[Data extracts]
▼

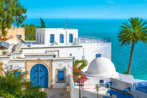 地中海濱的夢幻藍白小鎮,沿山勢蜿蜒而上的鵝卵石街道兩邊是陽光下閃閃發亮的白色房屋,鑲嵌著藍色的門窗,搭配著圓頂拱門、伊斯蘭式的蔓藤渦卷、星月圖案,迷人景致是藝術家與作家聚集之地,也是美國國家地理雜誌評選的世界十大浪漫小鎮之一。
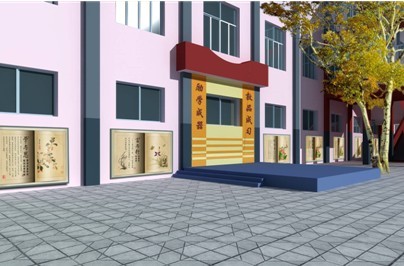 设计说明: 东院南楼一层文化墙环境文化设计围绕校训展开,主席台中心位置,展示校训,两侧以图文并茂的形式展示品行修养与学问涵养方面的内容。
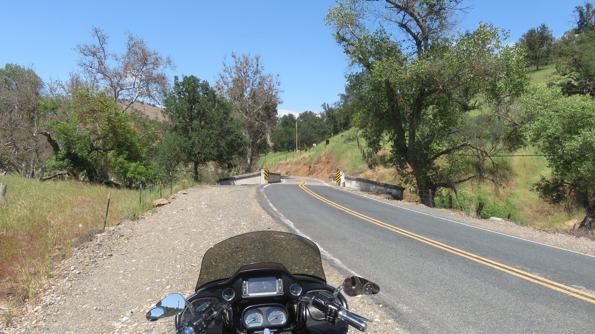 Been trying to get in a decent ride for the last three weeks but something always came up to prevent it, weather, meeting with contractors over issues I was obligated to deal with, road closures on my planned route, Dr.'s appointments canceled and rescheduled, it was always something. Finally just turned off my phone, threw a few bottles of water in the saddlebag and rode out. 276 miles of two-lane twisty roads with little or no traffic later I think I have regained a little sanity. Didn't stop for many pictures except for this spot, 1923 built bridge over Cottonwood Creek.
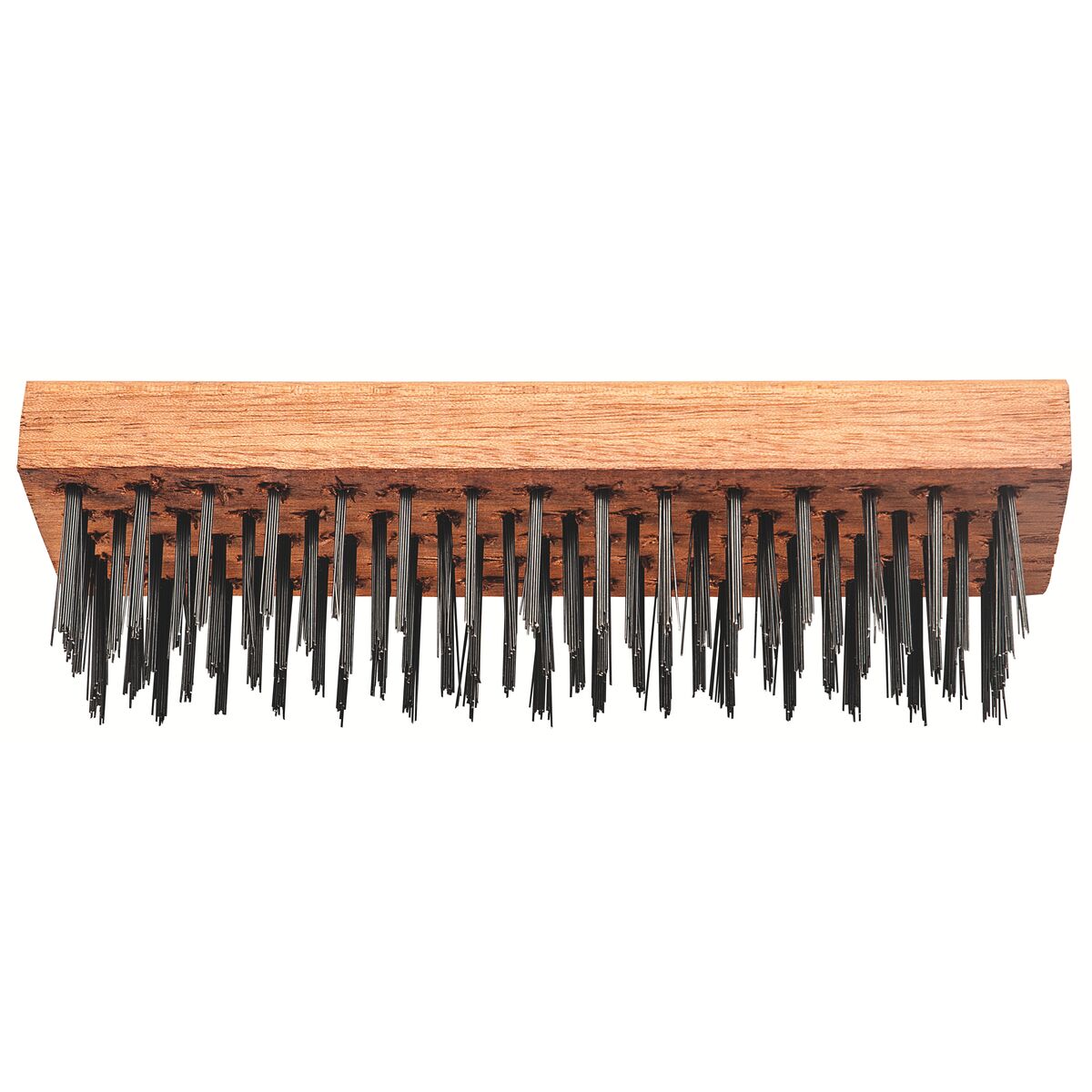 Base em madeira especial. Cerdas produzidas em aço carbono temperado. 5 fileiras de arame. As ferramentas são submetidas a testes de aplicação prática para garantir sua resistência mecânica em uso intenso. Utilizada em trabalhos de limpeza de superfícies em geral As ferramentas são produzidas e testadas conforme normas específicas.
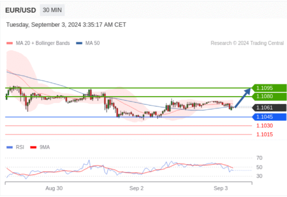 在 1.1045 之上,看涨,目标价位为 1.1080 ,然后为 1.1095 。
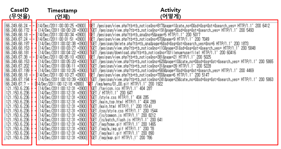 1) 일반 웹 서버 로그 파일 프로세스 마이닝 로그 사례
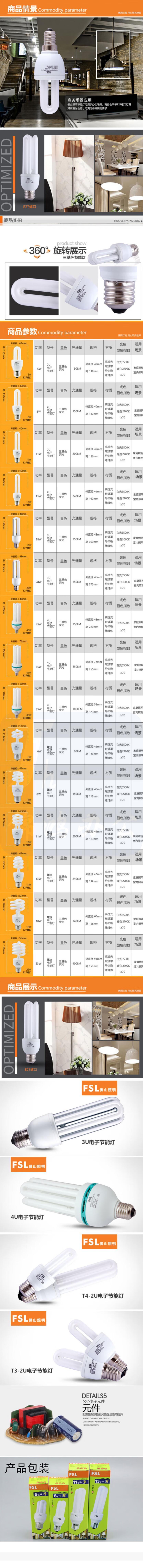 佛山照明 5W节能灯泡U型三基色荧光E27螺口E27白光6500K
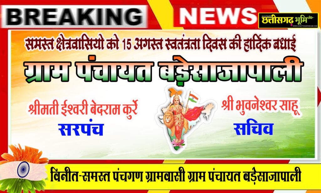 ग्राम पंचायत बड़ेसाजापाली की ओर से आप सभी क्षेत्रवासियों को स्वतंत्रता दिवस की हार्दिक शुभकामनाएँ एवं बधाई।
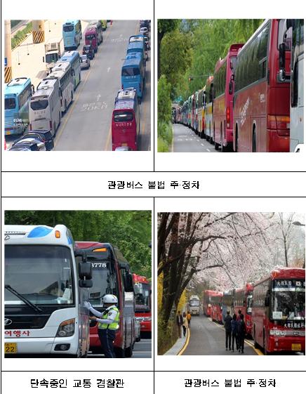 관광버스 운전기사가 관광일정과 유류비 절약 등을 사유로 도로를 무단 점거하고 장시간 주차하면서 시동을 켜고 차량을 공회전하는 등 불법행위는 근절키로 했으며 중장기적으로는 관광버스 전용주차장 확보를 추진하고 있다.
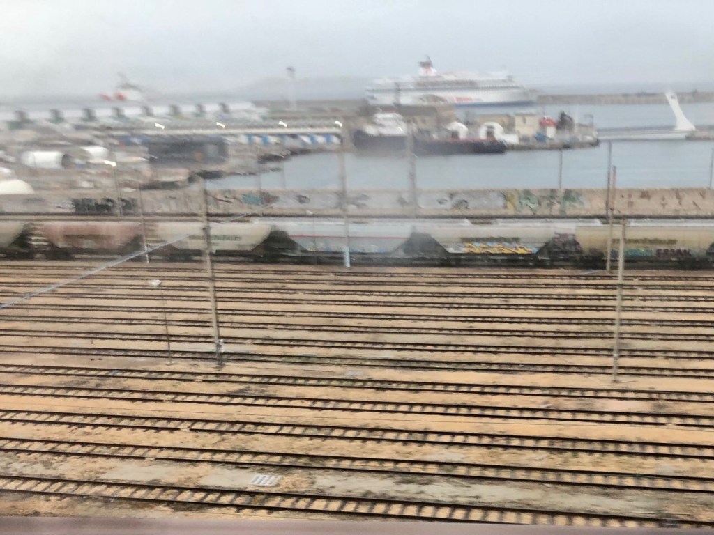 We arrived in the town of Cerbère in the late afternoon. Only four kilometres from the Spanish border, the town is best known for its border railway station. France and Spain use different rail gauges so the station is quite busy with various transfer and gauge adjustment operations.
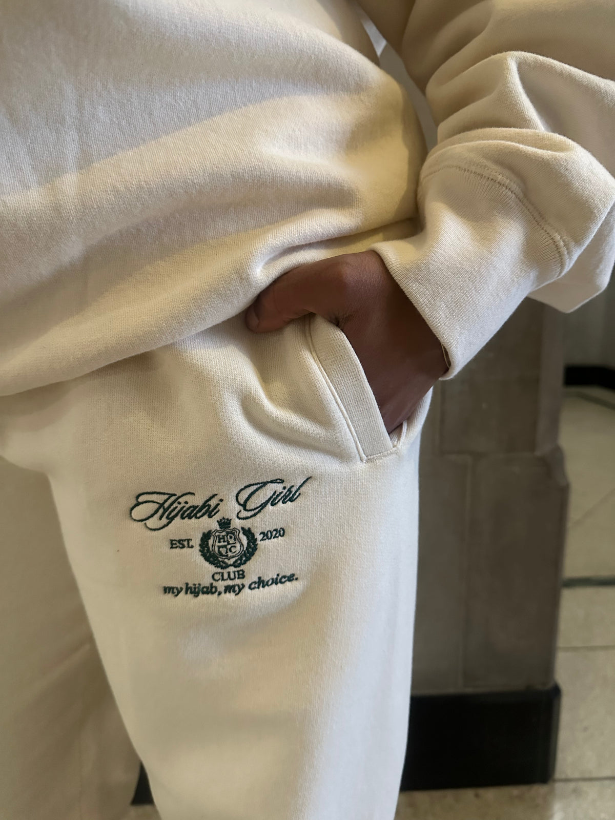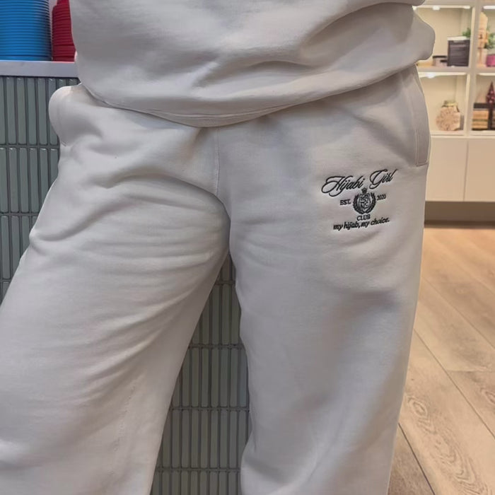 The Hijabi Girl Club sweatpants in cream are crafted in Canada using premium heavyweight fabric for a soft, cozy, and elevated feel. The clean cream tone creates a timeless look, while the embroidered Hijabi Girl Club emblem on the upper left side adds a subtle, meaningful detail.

▲

[What you are asked to do] Set down all records verbatim, omitting images.

[Output]
 地中海濱的夢幻藍白小鎮,沿山勢蜿蜒而上的鵝卵石街道兩邊是陽光下閃閃發亮的白色房屋,鑲嵌著藍色的門窗,搭配著圓頂拱門、伊斯蘭式的蔓藤渦卷、星月圖案,迷人景致是藝術家與作家聚集之地,也是美國國家地理雜誌評選的世界十大浪漫小鎮之一。
 设计说明: 东院南楼一层文化墙环境文化设计围绕校训展开,主席台中心位置,展示校训,两侧以图文并茂的形式展示品行修养与学问涵养方面的内容。
 Been trying to get in a decent ride for the last three weeks but something always came up to prevent it, weather, meeting with contractors over issues I was obligated to deal with, road closures on my planned route, Dr.'s appointments canceled and rescheduled, it was always something. Finally just turned off my phone, threw a few bottles of water in the saddlebag and rode out. 276 miles of two-lane twisty roads with little or no traffic later I think I have regained a little sanity. Didn't stop for many pictures except for this spot, 1923 built bridge over Cottonwood Creek.
 Base em madeira especial. Cerdas produzidas em aço carbono temperado. 5 fileiras de arame. As ferramentas são submetidas a testes de aplicação prática para garantir sua resistência mecânica em uso intenso. Utilizada em trabalhos de limpeza de superfícies em geral As ferramentas são produzidas e testadas conforme normas específicas.
 在 1.1045 之上,看涨,目标价位为 1.1080 ,然后为 1.1095 。
 1) 일반 웹 서버 로그 파일 프로세스 마이닝 로그 사례
 佛山照明 5W节能灯泡U型三基色荧光E27螺口E27白光6500K
 ग्राम पंचायत बड़ेसाजापाली की ओर से आप सभी क्षेत्रवासियों को स्वतंत्रता दिवस की हार्दिक शुभकामनाएँ एवं बधाई।
 관광버스 운전기사가 관광일정과 유류비 절약 등을 사유로 도로를 무단 점거하고 장시간 주차하면서 시동을 켜고 차량을 공회전하는 등 불법행위는 근절키로 했으며 중장기적으로는 관광버스 전용주차장 확보를 추진하고 있다.
 We arrived in the town of Cerbère in the late afternoon. Only four kilometres from the Spanish border, the town is best known for its border railway station. France and Spain use different rail gauges so the station is quite busy with various transfer and gauge adjustment operations.
 The Hijabi Girl Club sweatpants in cream are crafted in Canada using premium heavyweight fabric for a soft, cozy, and elevated feel. The clean cream tone creates a timeless look, while the embroidered Hijabi Girl Club emblem on the upper left side adds a subtle, meaningful detail.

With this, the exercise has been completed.